Ita propter errorem atque inscientiam caeca ac temeraria dominatrix animi cupiditas ad se explendam viribus corporis abutebatur, perniciosissimis satellitibus. Quo tempore quidam videlicet vir et sapiens cognovit, quae materia et quanta ad maximas res opportunitas in animis inesset hominum, si quis eam posset elicere et praecipiendo, meliorem reddere; qui dispersos homines in agros et in tectis silvestribus abditos, ratione quadam conpulit unum in locum et congregavit et eos in unam quamque rem inducens utilem atque honestam, primo propter insolentiam reclamantes, deinde propter rationem atque orationem studiosius audientes ex feris et inmanibus mites reddidit et mansuetos.
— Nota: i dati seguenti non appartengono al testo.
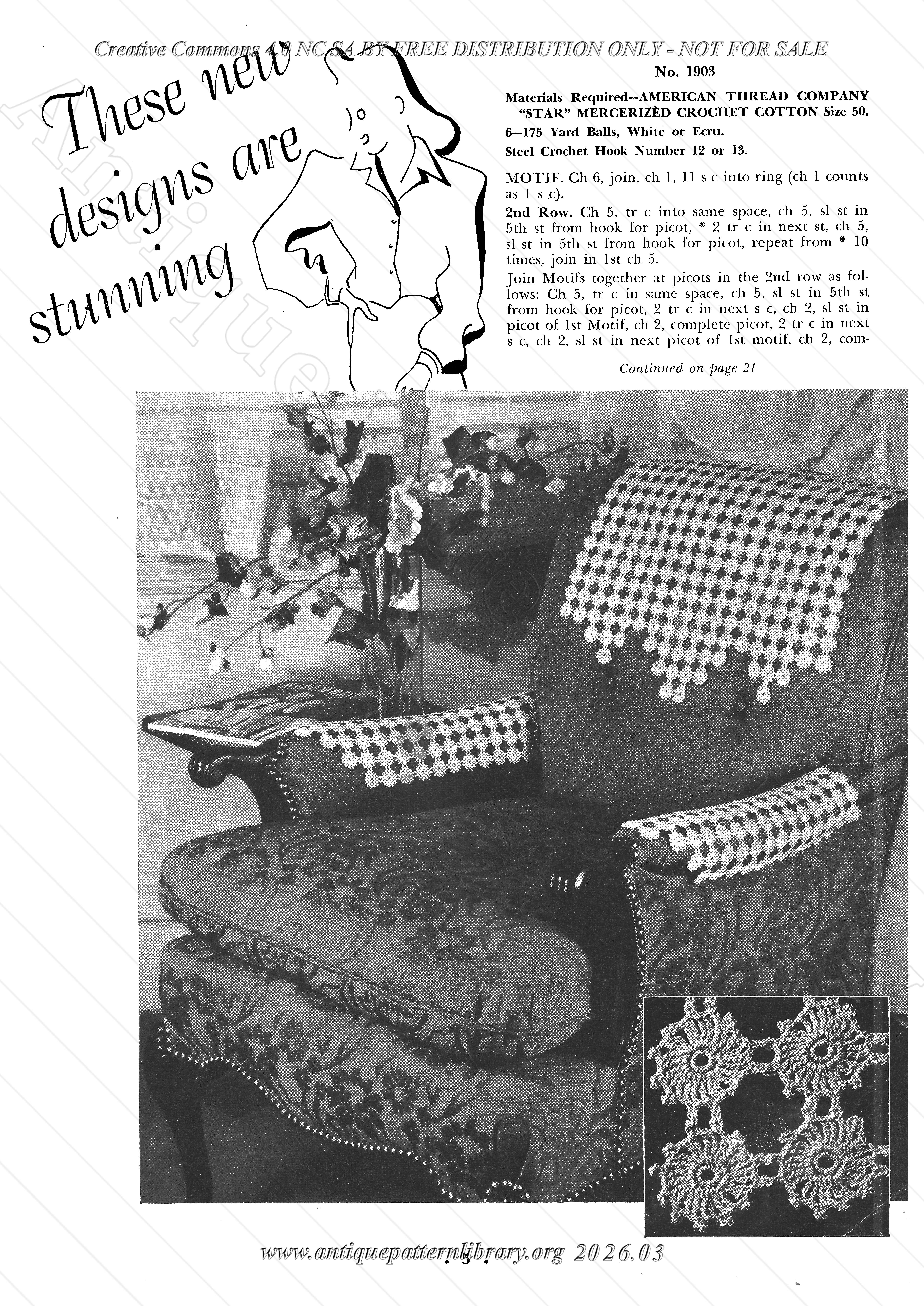 Needlepoint crochet for a footstool no. 1901, crocheted (no. 1902 and 1903) and knitted (no. 1904) chairbacks, complete with armrest covers, daisy motif no. 1905, crocheted doily no. 1906, tatted doily no. 1907, crocheted doily in 2 colors no. 1908, crocheted motif for table scarf of cluny design no. 1909, tatted motif for same no. 1910, porch set (placemats) no. 1911, lacy table cloth no. 1912, daisy lunch cloth no. 1913, filet and popcorn bedspread no. 1914, bridge set no. 1915, luncheon set (placemats, napkins and centerpiece) no. 1916, crocheted cross-stitch rug no. 1917, crocheted rug with tufted edge no. 1918, huck towel edge no. 1919-A, crochet-trimmed Turkish Towel no. 1920-A, crocheted flower basket no. 1921, hot plate mats no. 1922 and 1923,

TRAD.:Ci fu un tempo in cui gli uomini vagavano nei campi liberamente alla maniera delle bestie e si sostentavano con il cibo selvatico e non gestivano nulla con la ragione della mente ma la maggior parte con la forza fisica;il rispetto non era ancora osservato verso la religione divina né verso i doveri degli uomini,nessuno aveva visto le nozze legittime;nessuno aveva considerato certi i figli;nessuno aveva capito che utilità avesse la giustizia imparziale. Così a causa dell'incertezza e dell'ignoranza,l'avidità,una dominatrice cieca e temeraria,sfruttava le forze del corpo per soddisfarsi,con complici pericolosissimi. In quel tempo un certo uomo sicuramente sapiente conobbe quale materia e quanto grande fossero per le cose le potenzialità degli animi degli uomini,e se solo qualcuno avesse potuto farla uscire e insegnando farla diventare migliore;quello radunò e poi riunì in un solo posto con un progetto, gli uomini sparpagliati per i campi e i nascosti in rifugi silvestri, e inducendo a ciascun'attività utile ed onesta quelli che dapprima protestavano per la mancanza d'abitudine,mentre quelli che ascoltavano più devoti il discorso e il progetto,li rese uniti e mansueti,da selvaggi e crudeli (sott. che erano).